Foreclosure relief program is stuck in first
JUST 4 PERCENT IN FINAL STAGE
Thousands now risk losing mortgage help
Friday, December 11, 2009
The government's foreclosure relief program is sputtering, according to government data released Thursday showing that the pace of help being offered to struggling homeowners slowed last month and many borrowers are at risk of losing the aid they have already received.
The program, known as Making Home Affordable, faces a frustrating set of challenges. Only about 4 percent, or 31,382, of the 728,000 homeowners currently in the program have moved from the initial, or "trial" phase, to a permanent loan modification. That leaves thousands of borrowers in limbo and in jeopardy of losing their mortgage help because they have not turned in enough paperwork to prove they qualify.
Already about 30,000 homeowners who entered the program have been dropped because they did not qualify after all, did not submit required documentation in time or failed to make all of their payments, according to data released by the Treasury Department. Under the program, borrowers' mortgage payments are lowered to 31 percent of their income for an average savings of $550 a month.
The program's struggles are prompting calls for the Obama administration to alter its strategy for arresting foreclosures. The number of foreclosure filings, which can range from a default notice to a repossession, fell 8 percent last month as lenders delayed action to review whether distressed homeowners qualify for help, according to data released Thursday by RealtyTrac.
But the number of bank repossessions remains high, according to the RealtyTrac data, and foreclosure rates are not expected to peak after the labor market improves, economists have said. Foreclosures have cast a shadow over the housing sector's tentative recovery, potentially dragging down prices through next year.
"How long are you going to hit your head on the wall before you go to Plan B?" said John Taylor, president of the National Community Reinvestment Coalition, a nonprofit housing advocacy group. "It's just that the numbers are not remotely close to making a difference. They have to come up with another strategy, because time is not on their side."
Treasury officials warned lenders last week that they could face penalties if their performance in the program did not improve. But government officials are currently focused on pushing lenders into moving more borrowers from the initial stages of the program into permanent loan modifications. About 21 percent of the homeowners enrolled in the program have made their payments and submitted all required documents, but are waiting for their mortgage servicer to move them into a permanent modification, according to the Treasury.
"Our challenge now is to keep the pressure on," William Apgar, a senior adviser at the Department of Housing and Urban Development, said in a statement.

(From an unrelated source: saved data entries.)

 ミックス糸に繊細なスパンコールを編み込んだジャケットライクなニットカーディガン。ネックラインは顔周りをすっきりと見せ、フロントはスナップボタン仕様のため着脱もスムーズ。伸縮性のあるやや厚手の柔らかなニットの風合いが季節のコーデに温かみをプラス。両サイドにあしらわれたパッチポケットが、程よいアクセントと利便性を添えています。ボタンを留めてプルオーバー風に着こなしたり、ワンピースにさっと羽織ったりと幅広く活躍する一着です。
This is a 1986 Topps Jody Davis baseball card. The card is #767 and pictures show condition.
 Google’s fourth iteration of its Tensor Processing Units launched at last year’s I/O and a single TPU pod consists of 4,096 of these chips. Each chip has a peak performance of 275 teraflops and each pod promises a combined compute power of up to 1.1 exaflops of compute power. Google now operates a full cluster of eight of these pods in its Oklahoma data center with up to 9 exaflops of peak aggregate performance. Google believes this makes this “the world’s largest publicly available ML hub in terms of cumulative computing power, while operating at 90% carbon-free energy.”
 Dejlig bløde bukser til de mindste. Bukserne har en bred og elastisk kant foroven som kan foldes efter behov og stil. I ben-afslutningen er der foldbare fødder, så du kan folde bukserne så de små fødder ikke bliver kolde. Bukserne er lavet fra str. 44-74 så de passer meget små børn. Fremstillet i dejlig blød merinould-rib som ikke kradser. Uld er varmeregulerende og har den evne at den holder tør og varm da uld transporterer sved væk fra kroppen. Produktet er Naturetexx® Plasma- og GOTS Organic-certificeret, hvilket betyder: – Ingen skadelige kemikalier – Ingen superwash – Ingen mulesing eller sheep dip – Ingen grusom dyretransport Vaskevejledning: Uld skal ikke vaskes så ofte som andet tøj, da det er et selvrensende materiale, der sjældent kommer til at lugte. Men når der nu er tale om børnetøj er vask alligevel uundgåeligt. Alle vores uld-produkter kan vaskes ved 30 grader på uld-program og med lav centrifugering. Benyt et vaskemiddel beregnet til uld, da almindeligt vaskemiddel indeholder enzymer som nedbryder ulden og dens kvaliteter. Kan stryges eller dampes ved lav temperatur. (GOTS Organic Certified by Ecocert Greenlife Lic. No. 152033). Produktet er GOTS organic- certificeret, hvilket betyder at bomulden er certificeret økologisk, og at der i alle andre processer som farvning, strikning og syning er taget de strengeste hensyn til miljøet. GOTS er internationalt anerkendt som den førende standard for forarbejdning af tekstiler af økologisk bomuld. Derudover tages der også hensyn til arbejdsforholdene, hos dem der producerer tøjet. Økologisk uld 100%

Wells Fargo has moved about 3,500 homeowners into a permanent modification under the program. Bank of America has modified more than 157,000 loans, but fewer than 100 homeowners have received permanent modifications. Bank of America said in a statement that it expects to move more homeowners into permanent modifications this month: "This clearly demonstrates Bank of America's commitment to this important program and to our distressed customers who are seeking solutions to sustain homeownership."
Lenders say the backlog can be blamed on the significant amount of required paperwork, which includes hardship statements, pay stubs and bank statements. Approval can be held up by the lack of a single signature.
Lenders point to efforts
The industry has dispatched nonprofits to go door-to-door to help homeowners complete their application packages and has sent many prepaid Fed-Ex packages so homeowners can return documentation, industry officials have said. "It should continue to get better as people put all the stops," said Faith Schwartz, executive director of Hope Now, an alliance of lenders.

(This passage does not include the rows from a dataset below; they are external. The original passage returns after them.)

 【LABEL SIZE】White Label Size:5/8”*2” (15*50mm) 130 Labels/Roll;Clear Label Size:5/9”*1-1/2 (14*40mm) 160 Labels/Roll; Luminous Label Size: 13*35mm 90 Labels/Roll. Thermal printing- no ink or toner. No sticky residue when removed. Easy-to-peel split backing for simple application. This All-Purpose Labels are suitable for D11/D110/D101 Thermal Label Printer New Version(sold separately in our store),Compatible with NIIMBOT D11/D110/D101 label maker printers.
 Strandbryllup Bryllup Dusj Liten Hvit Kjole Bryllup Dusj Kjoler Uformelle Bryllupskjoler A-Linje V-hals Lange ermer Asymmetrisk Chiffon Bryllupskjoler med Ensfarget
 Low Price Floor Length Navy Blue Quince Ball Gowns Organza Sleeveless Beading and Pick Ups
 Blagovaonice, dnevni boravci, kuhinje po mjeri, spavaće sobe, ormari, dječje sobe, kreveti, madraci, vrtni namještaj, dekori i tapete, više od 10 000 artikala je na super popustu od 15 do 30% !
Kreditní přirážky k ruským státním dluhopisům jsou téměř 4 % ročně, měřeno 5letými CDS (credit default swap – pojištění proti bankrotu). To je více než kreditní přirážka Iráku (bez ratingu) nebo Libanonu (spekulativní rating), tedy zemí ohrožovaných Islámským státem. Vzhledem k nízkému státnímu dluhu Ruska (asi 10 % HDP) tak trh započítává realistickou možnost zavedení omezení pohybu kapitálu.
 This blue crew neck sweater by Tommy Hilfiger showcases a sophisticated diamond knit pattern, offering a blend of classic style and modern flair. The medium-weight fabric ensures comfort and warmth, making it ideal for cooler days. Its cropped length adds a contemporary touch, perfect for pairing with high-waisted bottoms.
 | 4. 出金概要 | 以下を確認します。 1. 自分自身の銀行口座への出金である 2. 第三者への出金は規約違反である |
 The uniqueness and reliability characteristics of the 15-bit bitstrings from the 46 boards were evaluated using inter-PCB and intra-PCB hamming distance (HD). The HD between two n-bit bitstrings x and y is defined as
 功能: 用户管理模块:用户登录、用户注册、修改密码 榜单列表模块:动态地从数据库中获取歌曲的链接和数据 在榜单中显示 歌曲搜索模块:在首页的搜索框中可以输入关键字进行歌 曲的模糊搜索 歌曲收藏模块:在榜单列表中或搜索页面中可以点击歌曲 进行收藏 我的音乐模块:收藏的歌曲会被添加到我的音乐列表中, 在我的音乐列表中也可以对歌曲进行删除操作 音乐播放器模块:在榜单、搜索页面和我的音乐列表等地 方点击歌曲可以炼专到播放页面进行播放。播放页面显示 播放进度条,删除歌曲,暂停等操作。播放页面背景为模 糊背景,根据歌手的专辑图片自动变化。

But some homeowners say the confusion lies with the lenders. Lawrence Ingalls of Santa Ana, Calif., began asking J.P. Morgan Chase for help on his mortgage in January when he learned that the market research firm where he worked was likely to close. The firm laid off most of its employees in March, and Ingalls' new job came with a nearly 40 percent pay cut. He is now dipping into his savings, borrowing from family members and falling behind on his property taxes to keep up with his mortgage payments.
For the past 11 months, Ingalls said, he has submitted and resubmitted parts of his application: "Every single month, without fail, I have to resend something."
He has faxed more than 100 pages of tax returns at least twice. Two weeks ago, J.P. Morgan Chase again requested a current utility bill to prove he still lived in the property. He now scans the requested documents so he can e-mail them as well as send a fax and a paper copy by mail.
"They tried to cancel my entire application in September because of incomplete paperwork," he said. "But the lost document thing in my experience is totally on their end."
J.P. Morgan Chase said Ingalls did not meet the financial requirements, and he was denied a modification several months ago. But the company has completed nearly 600,000 modifications this year and is working to get required documents from distressed borrowers.